Good morning,
It is the first time I write here on StackExchange, therefore any suggestion to improve my question is really appreciated.
It is known that the distribution $\mathbb{P}_{X}$ of the univariate random variable $$X=g(Y)$$ on the probability space $(\Omega,\mathcal{F},\mathbb{P})$, where $g: \mathbb{R}\rightarrow \mathbb{R}$ is a measurable function (with respect to Borel $\sigma$-algebras) is the push-forward of the distribution $\mathbb{P}_{Y}$ of the univariate random variable $Y$ through $g$, or (following Wikipedia notation) $$\mathbb{P}_{X}=g_{\ast}(\mathbb{P}_{Y}).$$ The equality $X=g(Y)$ holds "omega by omega".
Suppose that $g$ is not invertible (for instance, an increasing cadlag function). Is the opposite true? More precisely, if we know that $X$ is an univariate random variable with distribution $\mathbb{P}_{X}=g_{\ast}(\mathbb{P}_{Y})$, can we always construct a random variable $Y$ on the same probability space with distribution $\mathbb{P}_{Y}$ such that $X=g(Y)$ holds at least almost surely?
If the answer to the previous point is affirmative, can you suggest a textbook from which I can quote the result?
Many thanks in advance for your help.
If we cannot extend the space, then "no":
Let $(\Omega, \mathcal{F}, P)$ be a probability space that has only one outcome. Specfically, assume $\Omega = \{blue\}$. Define $X:\Omega\rightarrow\mathbb{R}$ by $X(blue)=0$.
Define the measurable function $g:\mathbb{R}\rightarrow\mathbb{R}$ by $g(x)=0$ for all $x \in \mathbb{R}$.

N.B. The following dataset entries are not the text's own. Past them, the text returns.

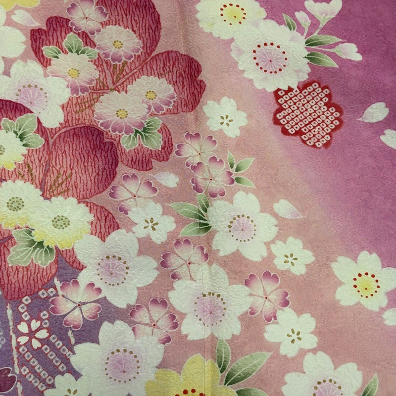 【着物ランク】名品 【素材】正絹 【身丈】約165.5cm 【裄丈】約66.5cm 【袖丈】約106cm 【袖幅】約34cm 【前幅】約24.5cm 【後幅】約30cm 【サイズ】M 【着物仕立て】袷 【着用時期】10~5月 【状態ランク】ランクA 【着物着用シーン】成人式、謝恩会
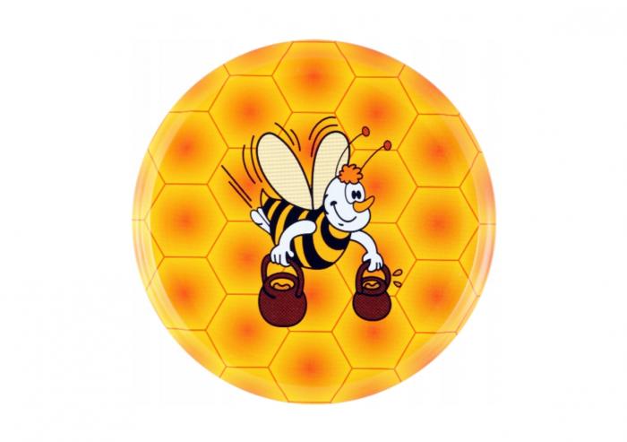 Kovový vrchnák s potlačou kreslenej včielky ("Vilka")
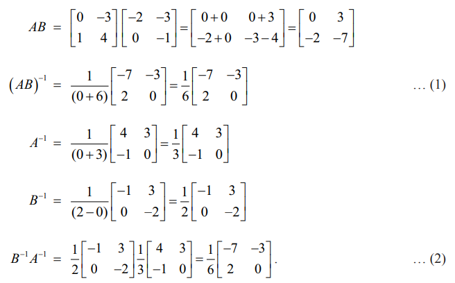 எனக்கொண்டு (AB)−1 = B−1A−1 என்பதைச் சரிபார்க்க.
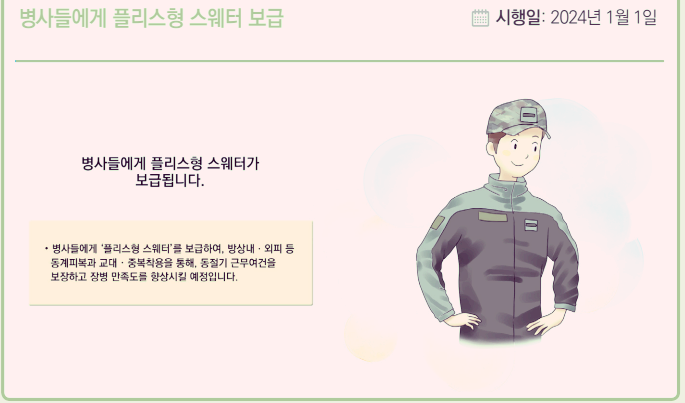 2024년 새해 달리지는 것들 국방,병무 분야입니다.
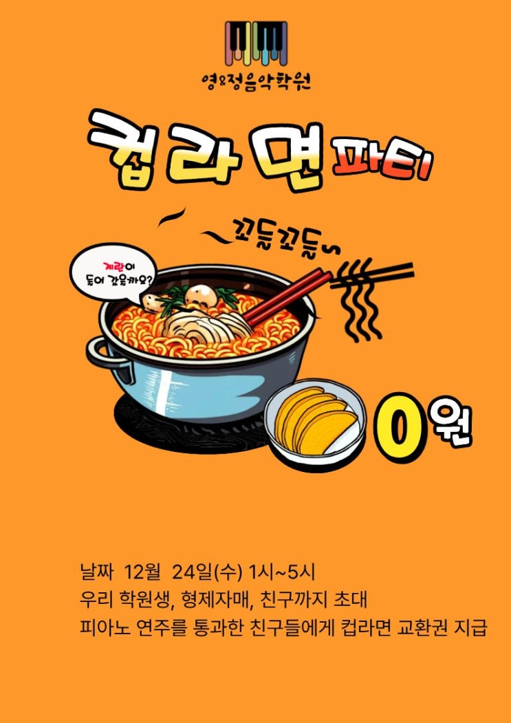 성탄이브 12월 24일에 컵라면 파티해요^^ 시간은 1시~5시 친구 1명 초대가능해요. 우리끼리 음악회도 있으니 기대해주세요~~♡♡ #영앤정피아노 #야탑초차량운행 #중탑초 #영앤정음악학원 #상희공원버스킹 #야탑초차량운행 #야탑청소년수련관 <img src="https://blogthumb.pstatic.net/MjAyNTEyMjNfMjg4/MDAxNzY2NDU2MDAyOTI3.pMx5mbhd-m1u6hwqj0ygCKJtr8nTY0_pc_Ul6mq7GBIg.jminIqsk4SQPKOOIucT2203HYUEbymd32d3VZhVC5WAg.JPEG/1765765482846.jpg?type=s3" />
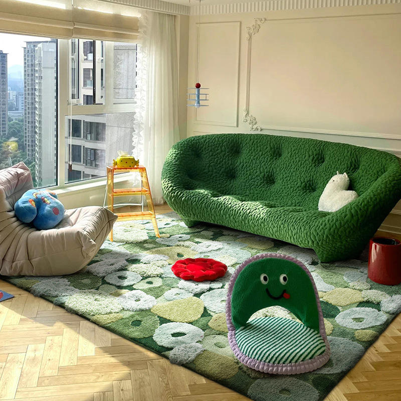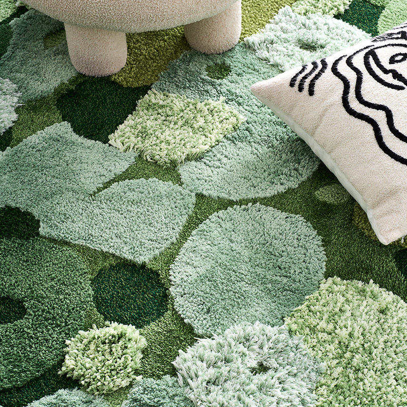 Alfombra de Lujo Estilo Bosque, Rectangular, Resistente a las Manchas, Moderna, Verde, para Sala de Estar, Dormitorio, Apta para Pies Descalzos
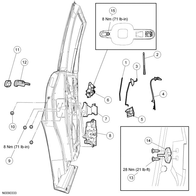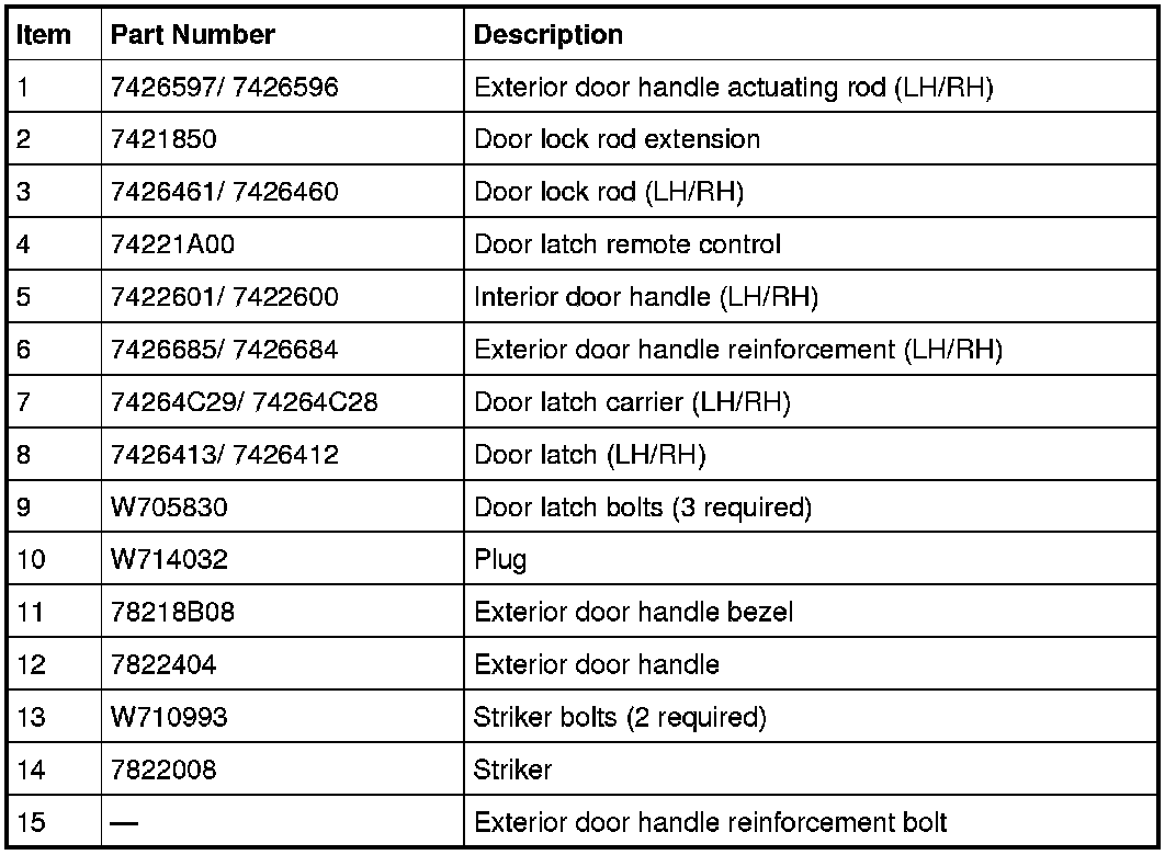 Rear Door Handles, Locks and Latches - Exploded View
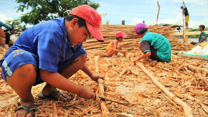 Ăn theo mùa nước nổi, em Phương Nam (12 tuổi, xã Vĩnh Hội Đông, huyện An Phú, An Giang) cũng tranh thủ đi chuốt cây tràm mướn, mỗi ngày kiếm được 40.000 - 50.000 đồng - Ảnh: MẬU TRƯỜNG
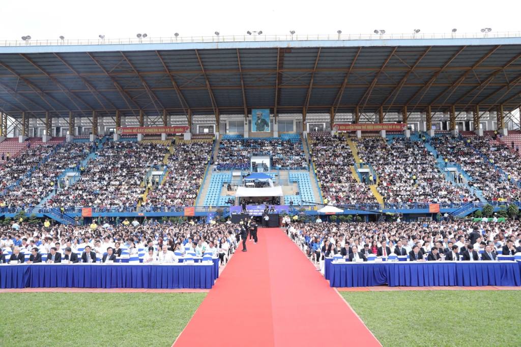 Chiều 30/9, chương trình “Ngày hội Chào Tân sinh viên năm học 2025 - 2026” của Đại học Công nghiệp TP. HCM (IUH) bước vào chương trình trọng điểm - khoảnh khắc được mong chờ nhất sau chuỗi hoạt động sôi nổi buổi sáng. Toàn bộ khán đài Sân vận động Quân khu 7 đã lấp kín chỗ ngồi, tạo nên bầu không khí hân hoan, và tự hào của ngày hội nhập học lớn nhất năm.
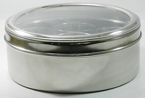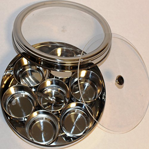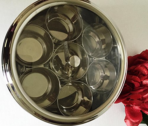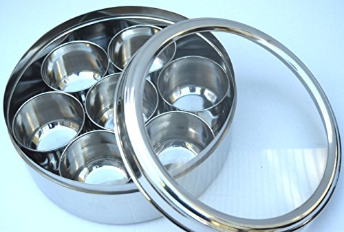 -. Feature : Stylish with Superior Quality Stainless Steel for storing Dry Fruits/ Spice box / Stainless Steel Crystal Finish See thru Glass Lid / Seven individual Stainless Steel containers and 1 spoon / Can be used for dry fruits / Spices etc / Dishwasher safe
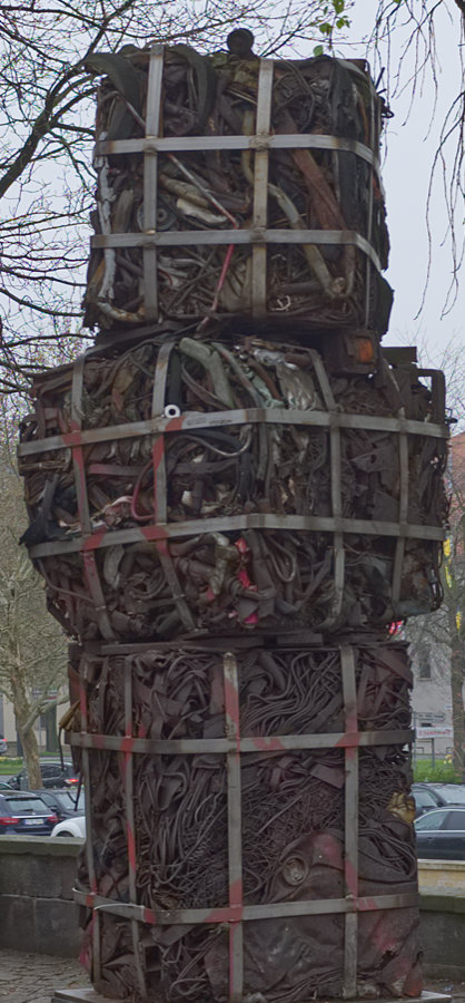 Ja, es war AUCH Schrott dabei und ein Kunstwerk ist es auch, aber es stammt nicht aus einer Schrottpresse, man denke da mal an die Stadt, in der ich heute war.
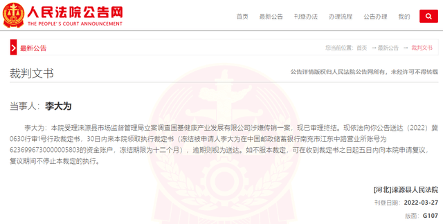 中國(guó)經(jīng)濟(jì)網(wǎng)北京3月30日訊 近日,人民法院公告網(wǎng)公布的一則裁判信息顯示,國(guó)基健康產(chǎn)業(yè)發(fā)展有限公司因涉嫌傳銷,淶源縣人民法院現(xiàn)裁定凍結(jié)相關(guān)人員的資金賬戶。
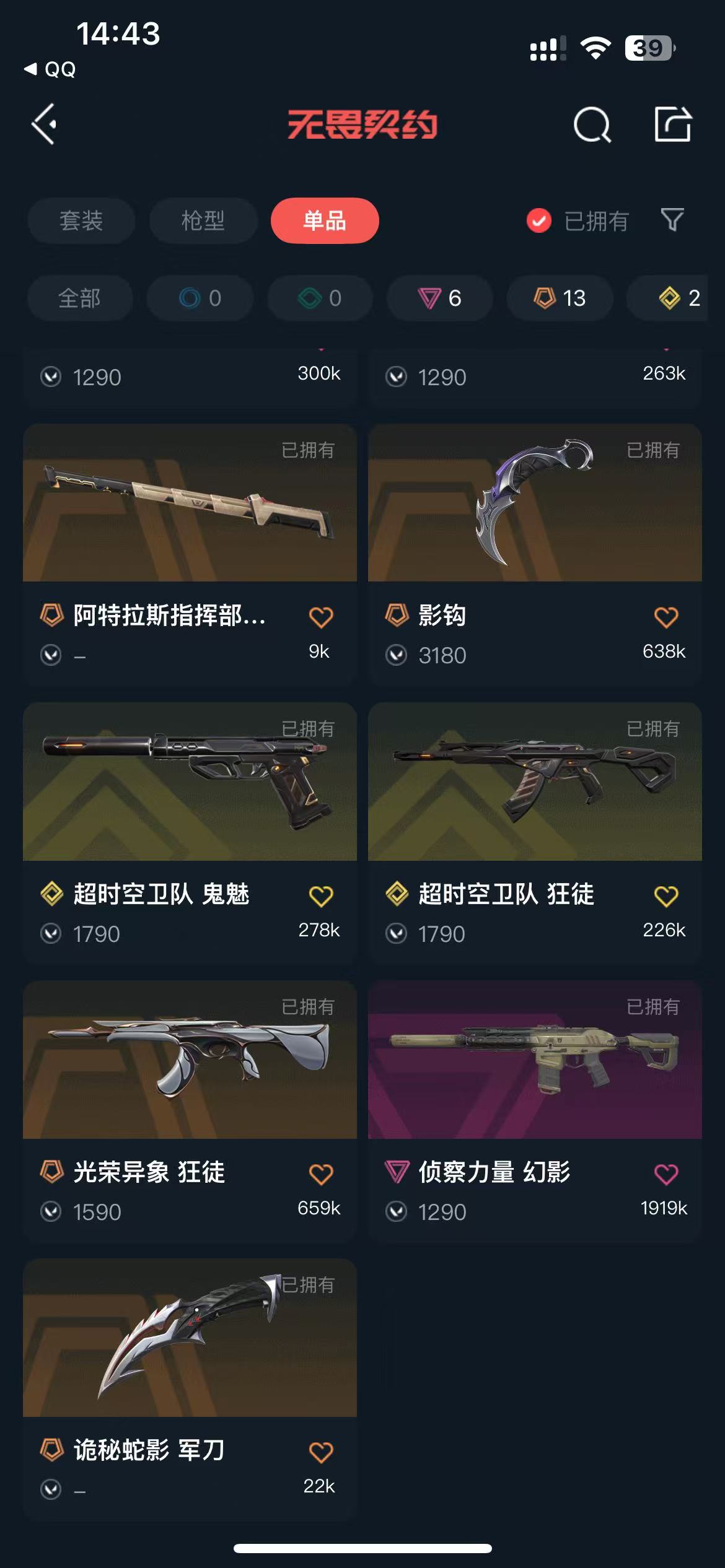 首页 > 租号大厅 > 无畏契约-wegame > wegame/wegame > 冻结秒解✨2025冠军套✨多弥尔狂徒✨超时空AK✨影钩✨光荣般若狂徒✨侦查黯夜幻影✨

Let $Y$ be Bernoulli-1/2 on some other probability space. Then $X$ has the same distribution as $g(Y)$, but there is no Bernoulli 1/2 variable $Y$ on $(\Omega, \mathcal{F}, P)$ since that space has only one outcome $blue$.
If we can extend the space, then "yes":
Let $(\Omega, \mathcal{F}, P)$ and $(\Omega', \mathcal{F}', P')$ be two probability spaces.
-Let $X:\Omega\rightarrow\mathbb{R}$ be a random variable on the first space.
-Let $Y':\Omega'\rightarrow\mathbb{R}$ be a random variable on the second space.
-Let $g:\mathbb{R}\rightarrow\mathbb{R}$ be a Borel measurable function.
Define $X':\Omega'\rightarrow\mathbb{R}$ by $X'=g(Y')$. Suppose $X$ and $X'$ have the same distribution.
Suppose that, on the first probability space, there exists a uniformly distributed random variable $U:\Omega\rightarrow [0,1]$ that is independent of $X$. If the original space $(\Omega, \mathcal{F}, P)$ does not have such an independent random variable $U$, we can always extend the space using standard product space concepts.
Theorem 5.10 in Kallenberg's Foundations of Modern Probabilty ensures that since $(X', Y')$ lie on the second space, and since $X$ has the same distribution as $X'$, there is a random variable $Y$ on the first space such that $(X,Y)$ has the same joint distribution as $(X',Y')$. (Kallenberg constructs $Y$ as a Borel measurable function of $X$ and $U$).
Define the Borel measurable function $f:\mathbb{R}^2\rightarrow\mathbb{R}$ by $$ f(u,v) = g(v)-u \quad \forall (u,v) \in \mathbb{R}^2$$ Define the random variables $D:\Omega\rightarrow\mathbb{R}$ and $D':\Omega'\rightarrow\mathbb{R}$ by \begin{align} D &= f(X, Y)\\ D'&= f(X',Y') \end{align} Since $(X,Y)$ and $(X',Y')$ have the same distribution, the random variables $D$ and $D'$ have the same distribution. However, $D'=0$ surely. It follows that $P[D=0]=1$. That is, $P[g(Y)=X]=1$. So $g(Y)=X$ almost surely.